Any idea what might be causing this? I'm running the job in local mode, 1 TM with 8 slots and ~32GB heap size.

All the vectors created by the libSVM loader have the correct size.

Theodore Vasiloudis

Re: Unexpected out of bounds error in UnilateralSortMerger

Alright I will try to do that.

I've tried running the job with a CSV file as input, and using DenseVectors to represent the features, still the same IndexOutOfBounds error.

On Wed, Jan 20, 2016 at 6:05 PM, Till Rohrmann <[hidden email]> wrote:

You could change the version of Stephan’s branch via mvn versions:set -DnewVersion=MyCustomBuildVersion and then mvn versions:commit. Now after you install the Flink binaries you can reference them in your project by setting the version of your Flink dependencies to MyCustomBuildVersion. That way, you are sure that the right dependencies are used.

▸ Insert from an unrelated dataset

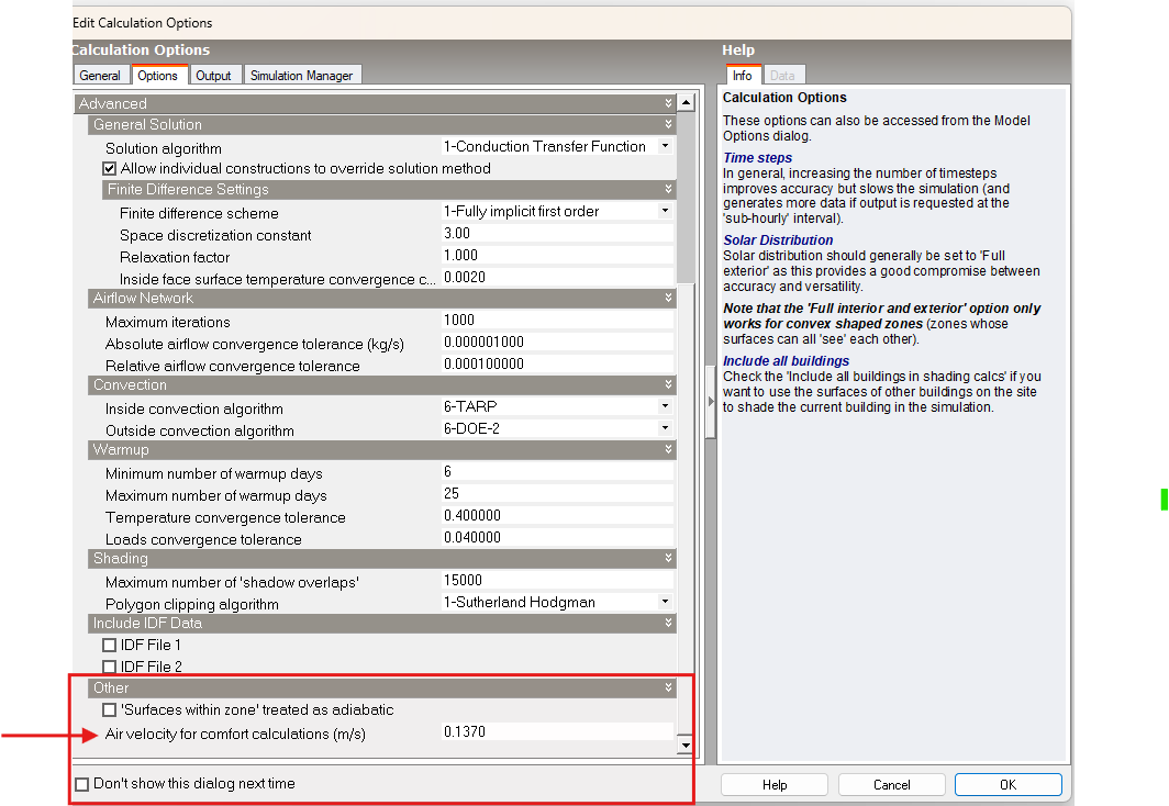 The air velocity for comfort calculations is now defined under the Activity tab.

Alternatively, you could compile an example program with example input data which can reproduce the problem. Then I could also take a look at it.

Cheers,
Till

On Wed, Jan 20, 2016 at 5:58 PM, Theodore Vasiloudis <[hidden email]> wrote:
OK here's what I tried:

* Build Flink (mvn clean install) from the branch you linked (kryo)
* Build my uber-jar, I use SBT with 1.0-SNAPSHOT as the Flink version, added local maven repo to resolvers so that it picks up the previously installed version (I hope)
* Launch local cluster from newly built Flink, try to run job

Still getting the same error.

Is there a way to ensure that SBT is picking up the local version of Flink to build the uber-jar?
Does it matter in this case, or is it enough that I'm sure the launched Flink instance comes from the branch you linked?

On Wed, Jan 20, 2016 at 4:30 PM, Stephan Ewen <[hidden email]> wrote:
The bug looks to be in the serialization via Kryo while spilling windows. Note that Kryo is here used as a fallback serializer, since the SparseVector is not transparent type to Flink.

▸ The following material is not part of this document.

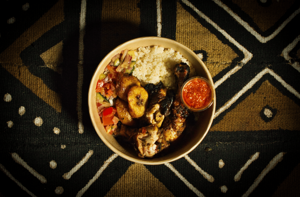 Chair Grilled chicken-cassava couscous served with a Moyo Sauce and Plantain

I think there are two possible reasons:
1) Kryo, or our Kryo setup has an issue here
2) Kryo is inconsistently configured. There are multiple Kryo instances used across the serializers in the sorter. There may be a bug that they are not initialized in sync.

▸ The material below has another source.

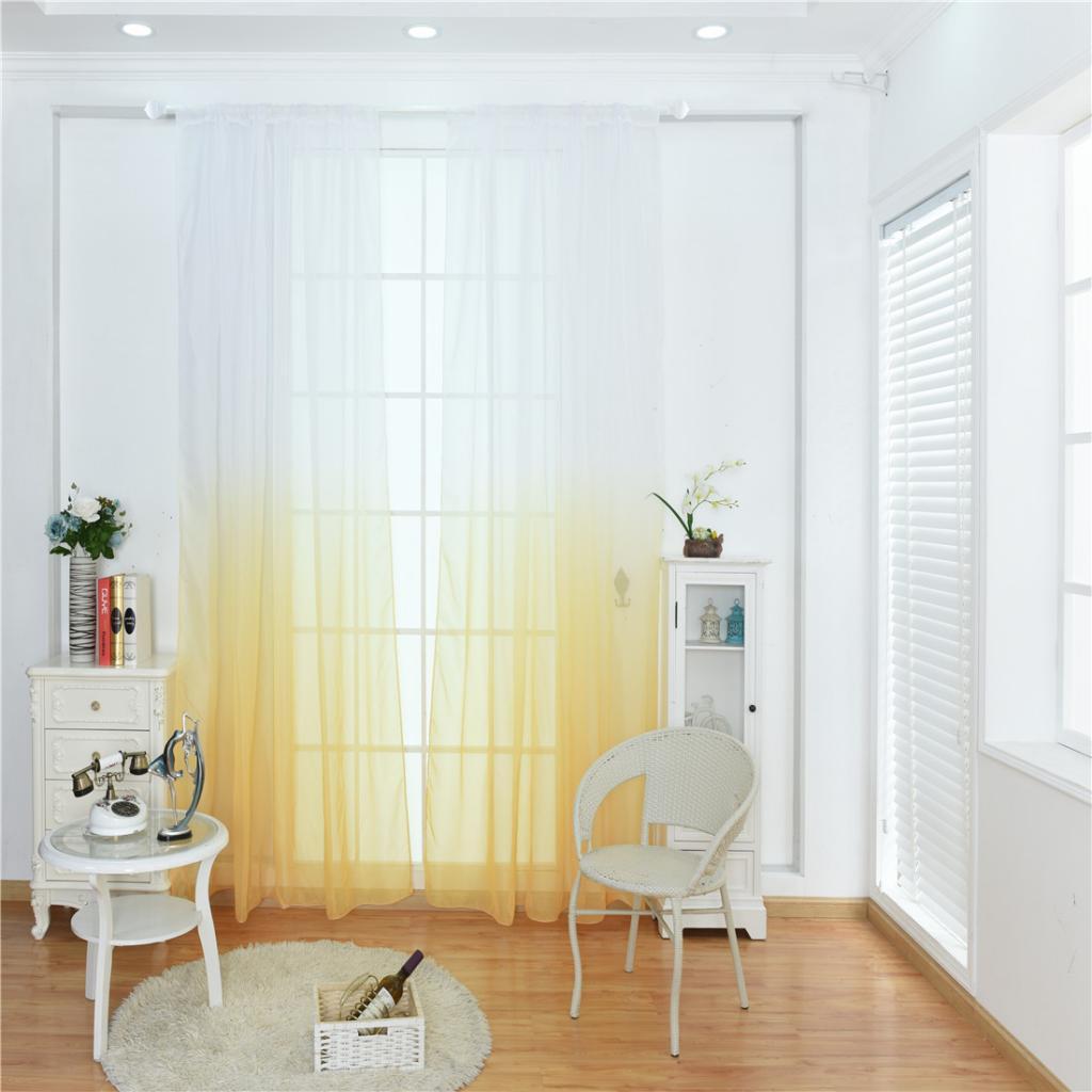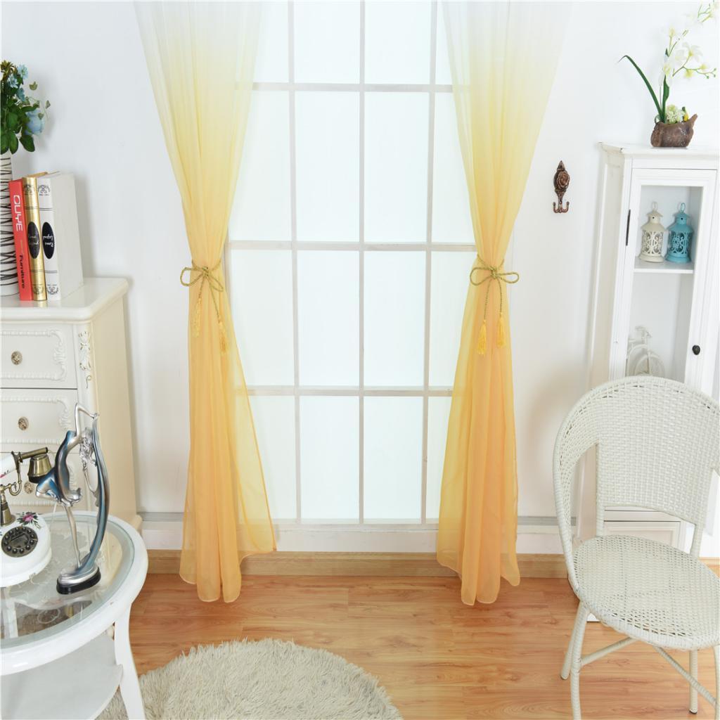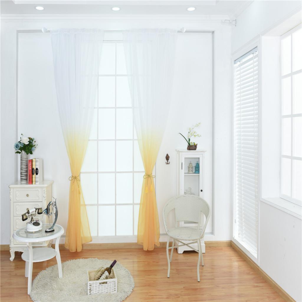 Window Tulle Voile Gradient Room Sheer Curtain Panel 100*200cm Yellow

To check this, can you build Flink with this pull request (https://github.com/apache/flink/pull/1528) or from this branch (https://github.com/StephanEwen/incubator-flink kryo) and see if that fixes it?

Thanks,
Stephan

On Wed, Jan 20, 2016 at 3:33 PM, Theodore Vasiloudis <[hidden email]> wrote:
I haven't been able to reproduce this with other datasets. Taking a smaller sample from the large dataset I'm using (link to data) causes the same problem however.

I'm wondering if the implementation of readLibSVM is what's wrong here. I've tried the new version commited recently by Chiwan, but I still get the same error.

I'll see if I can spot a bug in readLibSVM.

On Wed, Jan 20, 2016 at 1:43 PM, Theodore Vasiloudis <[hidden email]> wrote:
It's on 0.10.

I've tried explicitly registering SparseVector (which is done anyway by registerFlinkMLTypes which is called when the SVM predict or evaluate functions are called) in my job but I still get the same. I will try a couple different datasets and try to see if it's the number of features that is causing this or something else.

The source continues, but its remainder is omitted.